As to the Specification Breaches, the Defendant relied upon certificates from the British Board of Agrément (BBA) issued for StoTherm Classic, which they submitted was evidence of the product’s compliance with Building Regulations.
Finding for the Claimant, and awarding approximately £8,000,000 in damages, HHJ Stephen Davies determined that the StoTherm Classic system was defectively installed with insufficient and/or incorrect provision of fire stopping by cavity barriers and, as a result, did not comply with the Building Regulations. Notwithstanding this finding, the Judge also determined that the StoTherm Classic System would not have complied with the Building Regulations even if it had been installed in accordance with the manufacturer’s requirements.
In relation to the Defendant’s reliance on BBA Certificates to support StoTherm’s compliance with Building Regulations, the Judge held that “cannot be said to amount to a form of “guarantee” or “passport” to compliance with the Building Regulations”.
The Judge further determined that the costs of the waking watch were not too remote to be recoverable from the Defendant and awarded that head of claim, save for a reduction down to one fire marshal rather than the two claimed for.
Whilst not necessarily a surprising decision in the circumstances, the significance of this decision cannot be overstated and has the potential to set a longstanding precedent in future combustible cladding claims. These disputes will undoubtedly be assessed on a case-by-case basis, particularly in relation to the suitability of the remedial / replacement schemes that are undertaken.
Developers and building owners will be encouraged by the TCC’s stance on the recovery of waking watch costs as this type of precaution has been widely used.
The TCC have shown in this decision that they will take a strict view on an external wall system’s compliance with Building Regulations in force at the time of construction. However, we note that the Court did not have to consider any arguments as to whether the towers would have been deemed to have a sufficiently low risk of fire spread via the external wall if they had been subject to a PAS 9980-compliant fire risk appraisal.
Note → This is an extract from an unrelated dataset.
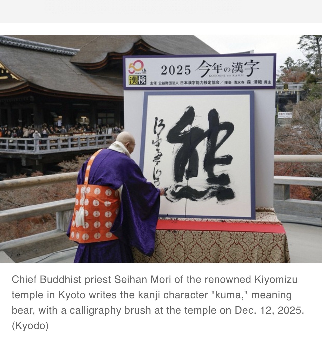 KYOTO (Kyodo) — The kanji for “kuma,” meaning bear, was picked as the single most representative Chinese character corresponding to the social mood in Japan this year, a Kyoto-based organization said Friday.
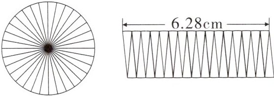 例2 在探索圆的面积计算公式时,把圆平均分成32等份,然后拼成了一个近似的长方形(如图),这个长方形的周长是(

Notwithstanding the Claimant’s success in this matter, the decision does highlight the importance of completing and passing BS-8414 testing for a contractor as the Court has indicated buildings which have not been tested in accordance with BS-8414 or BR135 are unlikely to be determined as being compliant with Building Regulations. As the Judge confirmed at paragraph 256, “in a case such as this the only way of clearly demonstrating compliance or non-compliance with the performance standard is to carry out a BS 8414-1 test”.
This statement does offer some hope for contractors that BS-8414 and BR135 test passes may be accepted by the courts as demonstrating a route to compliance with Building Regulations and therefore any contractors facing claims of this nature should ensure that they have evidence of the relevant test passes. This decision also serves as an important reminder to contractors to identify and engage with the relevant members of the supply chain whom a contractor may be able to pass all or part of any liability to as early as possible.